In der zentralen Frage des Eigentums
am Gesellschaftsvermögen und dessen
Verfügbarkeit für die Gesellschafter
unterscheiden sie sich grundsätzlich von
Kapitalgesellschaften.
Die betroffenen landwirtschaftlichen
Betriebe lehnen die Zwangsmitgliedschaft weitgehend ab, da die Beiträge
zum erheblichen Kostenfaktor werden
können. Ihre Höhe setzt jede IHK individuell fest. Üblicherweise wird der Beitrag in einen Grund- und Umlagebeitrag
untergliedert. Der Grundbeitrag beträgt
z. B. bei Umsätzen zwischen 125 000 und
2,5 Mio. E jährlich ca. 230 E und bei höheren Umsätzen jährlich 500 E. Der Umlagebeitrag kann beispielsweise mit
0,6 % vom Gewerbeertrag veranschlagt
werden. Im Ergebnis können als Jahresbeitrag wenige 100 E bis zu mehr als
10 000 E fällig werden. Und weil es eine
gesetzliche Pflichtmitgliedschaft ist, darf
der Beitrag auch gepfändet werden. Viele IHKs haben sich allerdings mit solchen Betrieben, die ausschließlich landwirtschaftliche Urproduktion betreiben,
auf einen Kompromiss geeinigt: Die
Unternehmen zahlen nur den Grundbetrag, der Umlagebetrag wird ihnen erlassen.
Die IHKs sind gesetzlich verpflichtet,
öffentliche Aufgaben wie z. B. die Wirtschaftsförderung zu erfüllen. So werden
sie für die Landwirtschaft zukünftig wahrscheinlich Dienstleistungen wie die Beratung zum Arbeits- oder Umweltrecht
oder zu Steuerangelegenheiten anbieten.
Wenn sie gemäß ihres Auftrages zur Wirtschaftförderung auch agrarpolitisch ins
Rampenlicht treten, kann das leicht zum
Bärendienst für die Landwirtschaft werden: Denn selbst wenn verschiedene Interessenvertreter grundsätzlich übereinstimmen, sind voneinander abweichende
Meinungen zu Details unvermeidlich.
Das schwächt ein weiteres Mal den Gedanken eines geschlossenen und einig auftretenden Berufsstandes gegenüber politischen Entscheidungsträgern.
Gefundene Kompromisse
nicht gefährden
Trotz aller Einwände gibt es seit einer
Gesetzesnovelle aus dem Jahr 1998 für die
Landwirtschaft kein Entrinnen. Das hat
das Bundesverfassungsgericht in seinem
Nichtannahmebeschluss vom 7. Dezember 2001 bestätigt. Gestärkt durch diese
Rechtsprechung geben die IHKs ihre tolerante Haltung zunehmend auf und fordern Mitgliedschaft sowie Beiträge ein.

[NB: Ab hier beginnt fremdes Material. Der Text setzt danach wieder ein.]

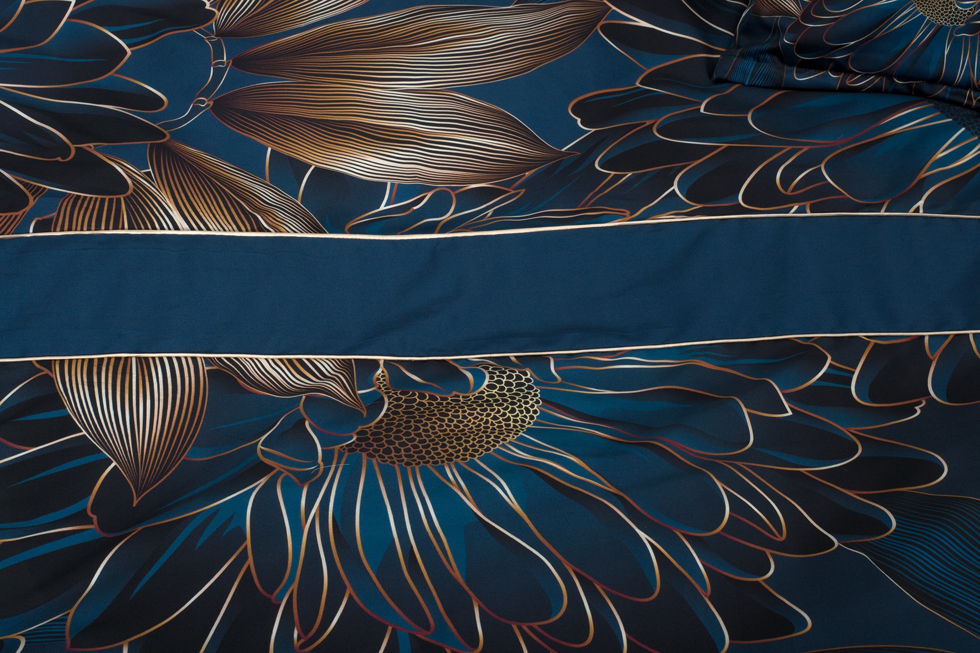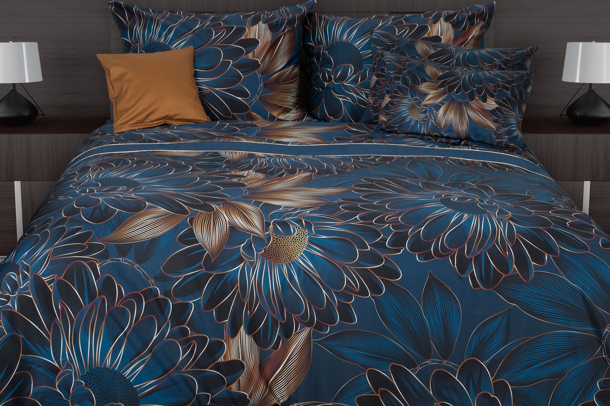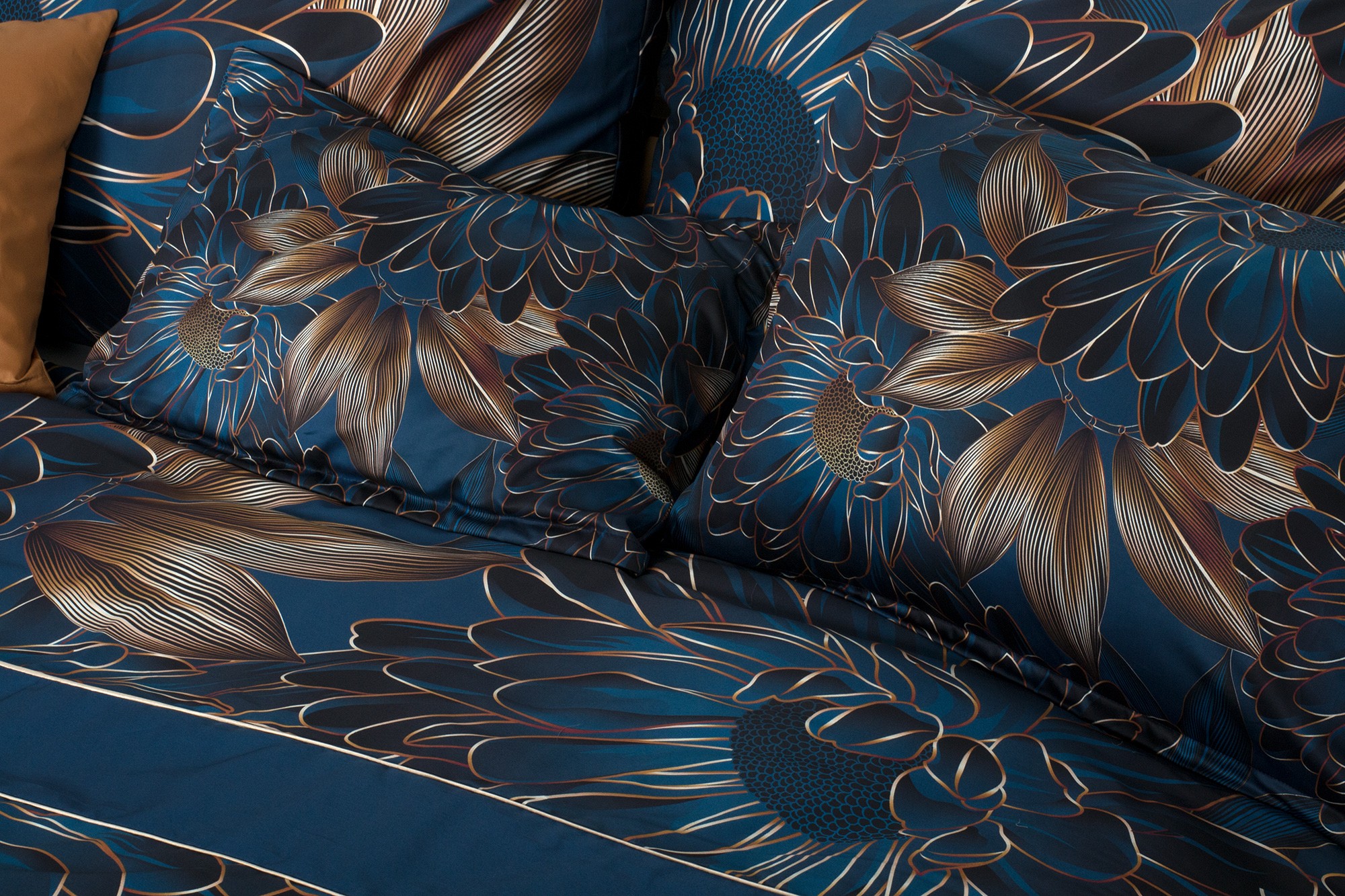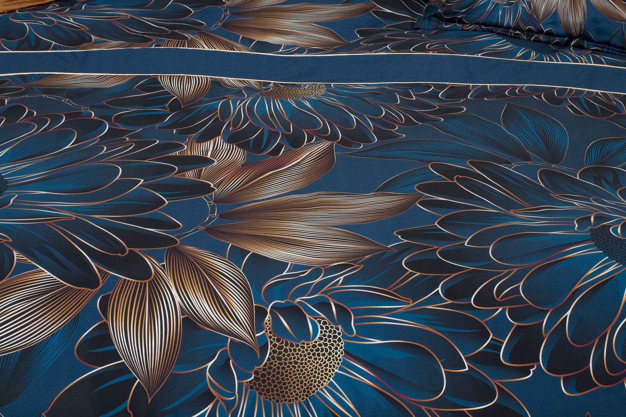Veľké abstraktne poňaté kvety v tmavomodrej farbe dopĺňajú zlatavohnedé listy. Obliečky sú vyrobené z prémiového bavlneného saténu, ktorý je charakteristický svojim decentným leskom a veľmi jednoduchou údržbou.

Eine Perspektive, sich dagegen zu wehren, könnte lediglich eine Entschließung
der gesetzgebenden Fraktionen von
CDU/CSU, SPD und FDP des Bundestages sein. Diese gehen davon aus, dass die
IHKs die landwirtschaftlichen GmbHs in
den neuen Bundesländern lediglich mit
ihrem auf die gewerbliche Tätigkeit entfallenden Gewerbeertrag zur Umlage heranziehen. Bei der Rechtsprechung haben
Gerichte neben den Gesetzen auch deren
Begründungen, wozu man eine Entschließung zählen kann, zu berücksichtigen.
Lohnt der Weg zum Gericht, um sich
Klarheit über den Wert der Entschließung
zu verschaffen? Hier ist abzuwägen.
Unternehmen, die voll veranlagt werden,
hätten im Fall einer Niederlage außer den
Prozesskosten nichts zu verlieren. Andere, die sich mit der IHK bisher auf einen
Kompromiss einigen konnten, hätten
allerdings deutliche Nachteile. Denn dann
würden auch die letzten IHKs streng nach
den Buchstaben des Gesetzes die Mitgliedschaft einfordern und Beiträge erheben.